Would you repeat word for word the lines of the listing that follows, from the one with "The HPL top" up to and including the one with "美國首都華盛頓有數千人示威,抗議總統特朗普政府在當地部署國民警衛隊。AP圖片", and leave out the images?

■ INFORMATION
_ _ _ _ _

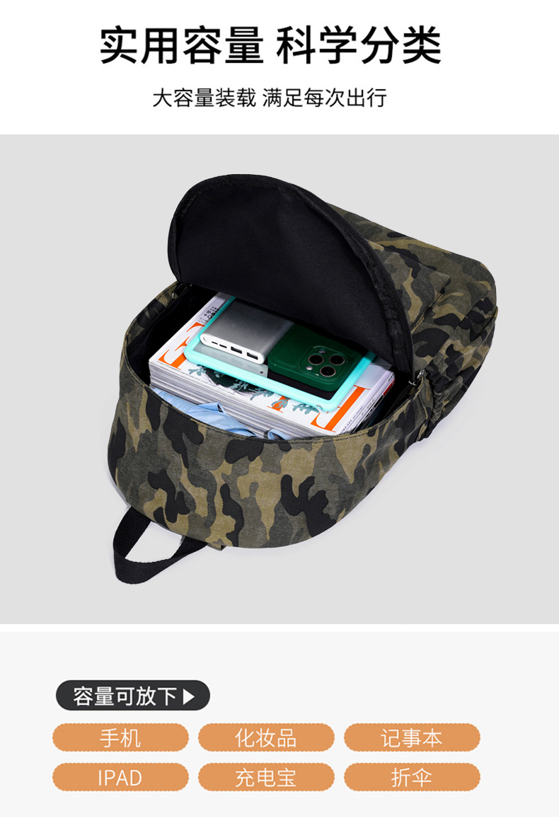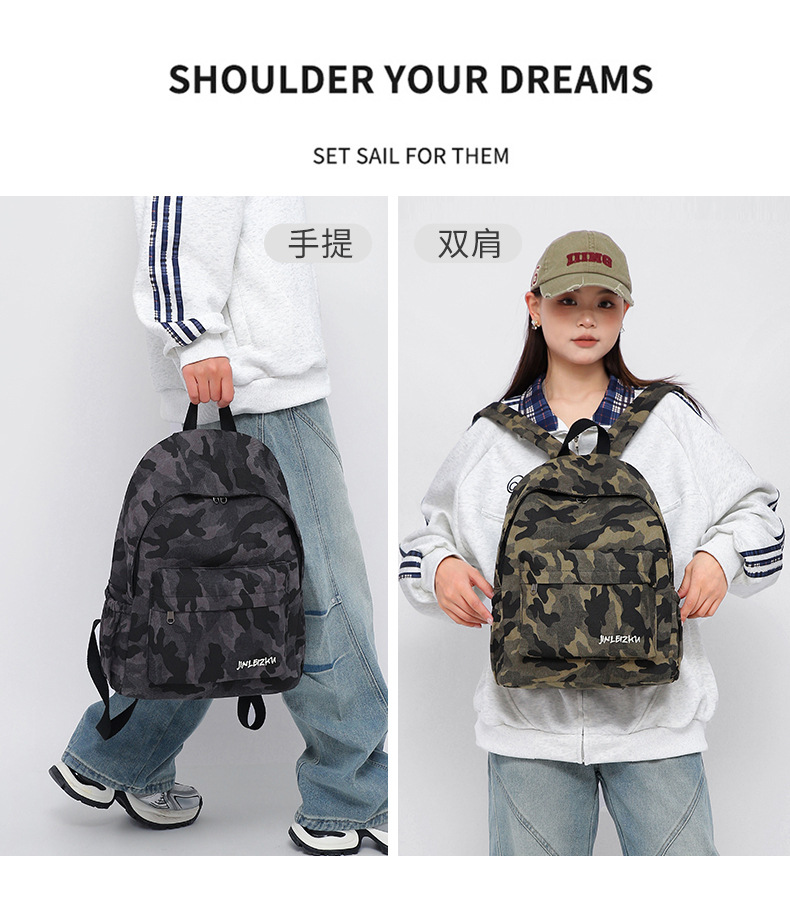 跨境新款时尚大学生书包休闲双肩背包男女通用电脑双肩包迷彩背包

_ _ _ _ _

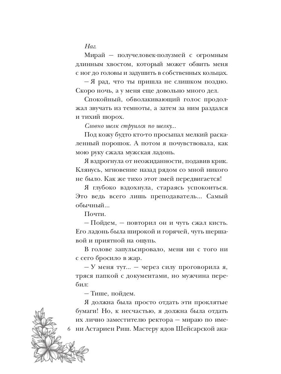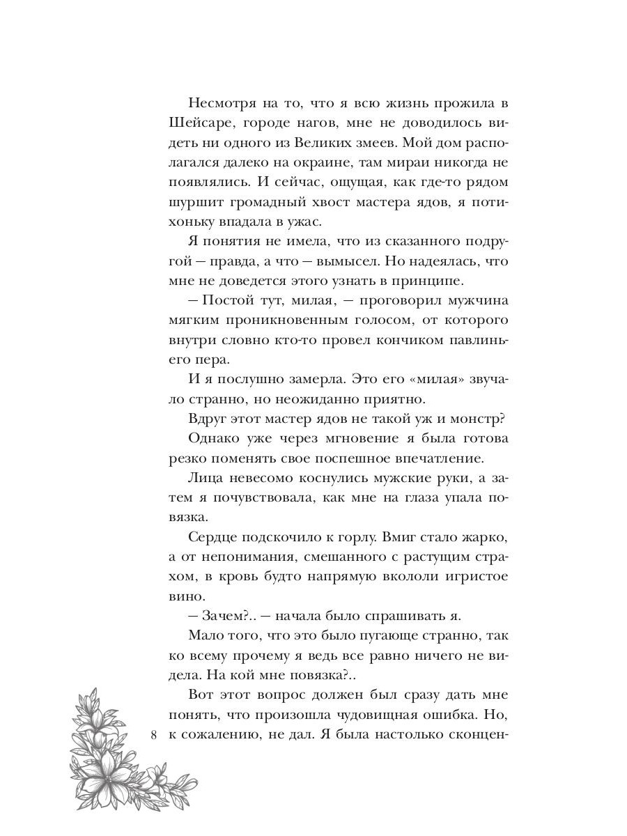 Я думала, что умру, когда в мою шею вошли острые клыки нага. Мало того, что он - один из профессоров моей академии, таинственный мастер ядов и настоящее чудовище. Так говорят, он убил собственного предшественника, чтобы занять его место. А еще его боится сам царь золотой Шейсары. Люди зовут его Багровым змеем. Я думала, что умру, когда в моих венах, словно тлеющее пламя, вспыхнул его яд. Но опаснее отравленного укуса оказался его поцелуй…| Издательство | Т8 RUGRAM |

_ _ _ _ _

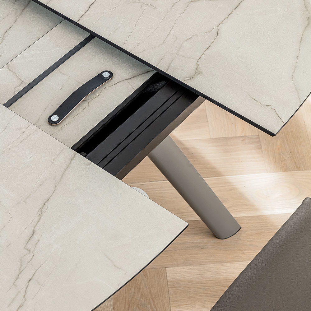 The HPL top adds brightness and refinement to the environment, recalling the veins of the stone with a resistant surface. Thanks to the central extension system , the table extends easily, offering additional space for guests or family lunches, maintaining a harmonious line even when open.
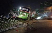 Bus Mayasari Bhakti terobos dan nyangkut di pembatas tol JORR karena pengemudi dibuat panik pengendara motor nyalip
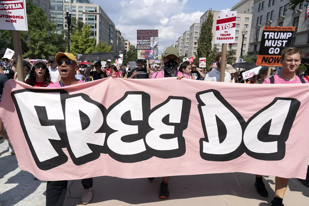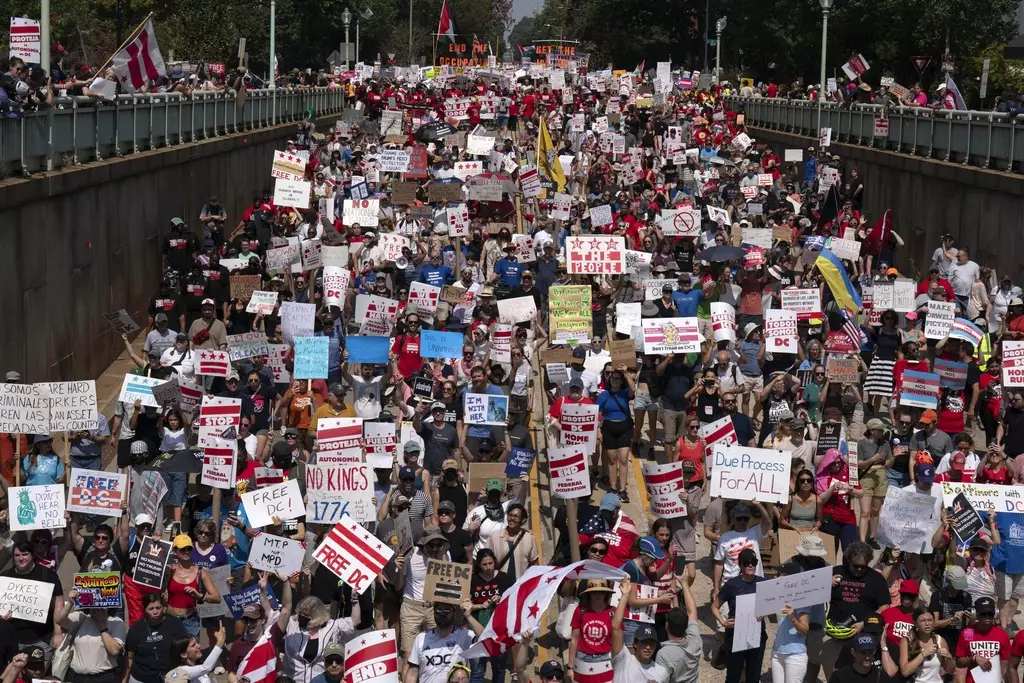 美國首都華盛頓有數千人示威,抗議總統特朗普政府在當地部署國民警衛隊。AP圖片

_ _ _ _ _

■ SOLUTION FOR THIS PROBLEM
 The HPL top adds brightness and refinement to the environment, recalling the veins of the stone with a resistant surface. Thanks to the central extension system , the table extends easily, offering additional space for guests or family lunches, maintaining a harmonious line even when open.
 Bus Mayasari Bhakti terobos dan nyangkut di pembatas tol JORR karena pengemudi dibuat panik pengendara motor nyalip
 美國首都華盛頓有數千人示威,抗議總統特朗普政府在當地部署國民警衛隊。AP圖片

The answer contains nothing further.